Zing Forum

Reading

PAGER: Bridging the Semantic-Execution Gap in Precise Control of Geometric GUI

PAGER is a topology-aware agent architecture specifically designed to solve the precise point control challenge in geometric construction GUI tasks. By leveraging structured dependency planning and pixel-level execution, PAGER increases task success rate from less than 6% to over 62%, setting a new standard for point-precise GUI control.

PAGERGUI智能体几何构造点精确控制视觉-语言模型强化学习拓扑感知PAGE基准测试
Published 2026-05-15 21:55Recent activity 2026-05-18 16:18Estimated read 5 min
PAGER: Bridging the Semantic-Execution Gap in Precise Control of Geometric GUI
1

Section 01

PAGER: Bridging the Semantic-Execution Gap in Precise Control of Geometric GUI [Introduction]
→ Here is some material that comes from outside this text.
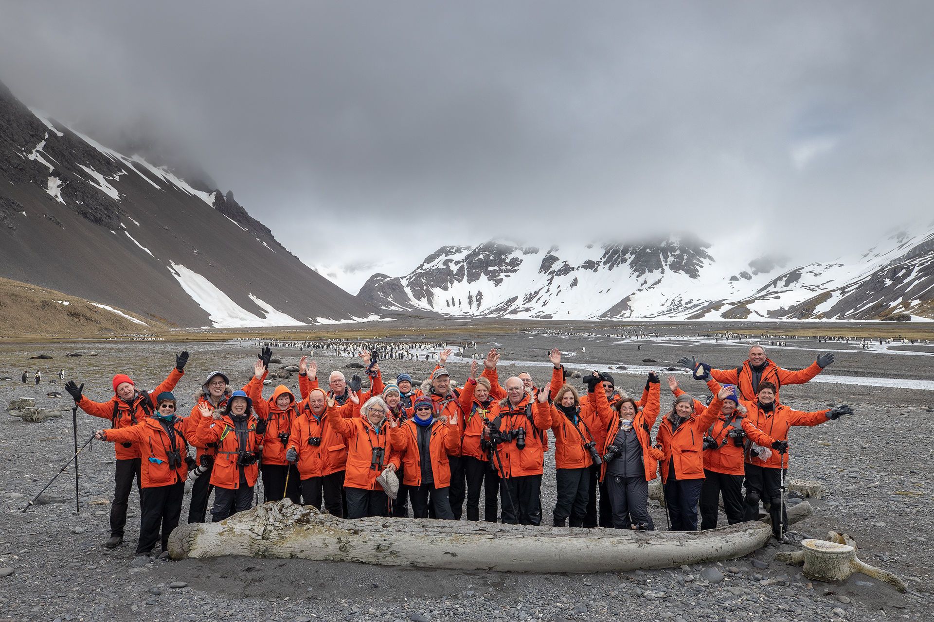 We arrived in Right Whale Bay with a splash. We saw a small but majestic king penguin colony and nearby, a skua. Ferocious fur seals covered the land and caused a ruckus among the penguins as we cautiously hiked by. Along the way, we saw the remnants of a blue whale, as well as an explosive harpoon used for whaling many years ago. On our hike back to the Zodiacs, many guests took photographs near the large whale vertebrae that sat among the elephant seals.

PAGER is a topology-aware agent architecture specifically designed to solve the precise point control challenge in geometric construction GUI tasks. By combining structured planning and pixel-level execution, it increases task success rate from less than 6% to over 62%, setting a new standard for point-precise GUI control. This article provides a detailed analysis of this research.

2

Section 02

Research Background and Problem Definition

Large vision-language models (VLMs) perform well in regular GUI interactions relying on the "forgiving region tolerance" paradigm, but fail in geometric construction tasks due to the need for pixel-level precise operations and geometric dependencies. The study defines "precision-sensitive GUI tasks", whose characteristics include point-level precision requirements, geometry-aware verification, and dependency-driven robustness against error propagation.

3

Section 03

Introduction to the PAGE Benchmark Dataset

The research team built the PAGE (Point-precise Agent GEometry) benchmark dataset, which contains 4906 problems and over 224,000 pixel-level action annotations. It uses process-level supervision, covers geometric construction scenarios from basic to complex, and evaluates agent performance in layers according to complexity.

4

Section 04

Core Design of the PAGER Architecture

The PAGER architecture consists of two phases: 1. Structured Dependency Planning: Analyze the geometric construction dependency graph to determine construction order, constraint propagation, and key nodes; 2. Pixel-level Execution: Achieve precise operations through pixel-anchored supervised fine-tuning (learning precise coordinate action syntax) and precision-aligned reinforcement learning (state-conditional geometric feedback for real-time deviation adjustment).

5

Section 05

Experimental Results and Key Findings

Experiments reveal that general multimodal models have a "semantic-execution gap" (action type accuracy over 88% but task success rate <6%); PAGER shows significant performance improvement: task success rate increases from <6% to 24.6% (4.1x), single-step success rate from <9% to over 62% (6.9x); its advantages lie in dependency awareness, error control, and long-range planning capabilities.

6

Section 06

Technical Contributions and Application Prospects

Theoretical contributions: Propose a new direction for GUI automation from region tolerance to point-precise control, which requires explicit modeling of spatial precision and topological constraints, tight coupling of planning and execution, and refinement of supervision signals to the pixel level; Application prospects include CAD, scientific visualization, educational software, and graphic design; The team will open-source the PAGE benchmark and PAGER model.

7

Section 07

Limitations and Future Directions

Current limitations: Generalization ability needs improvement, low computational efficiency, reliance on offline learning; Future directions: Extend to 3D geometric construction, integrate large language model reasoning capabilities, and develop human-machine collaboration frameworks.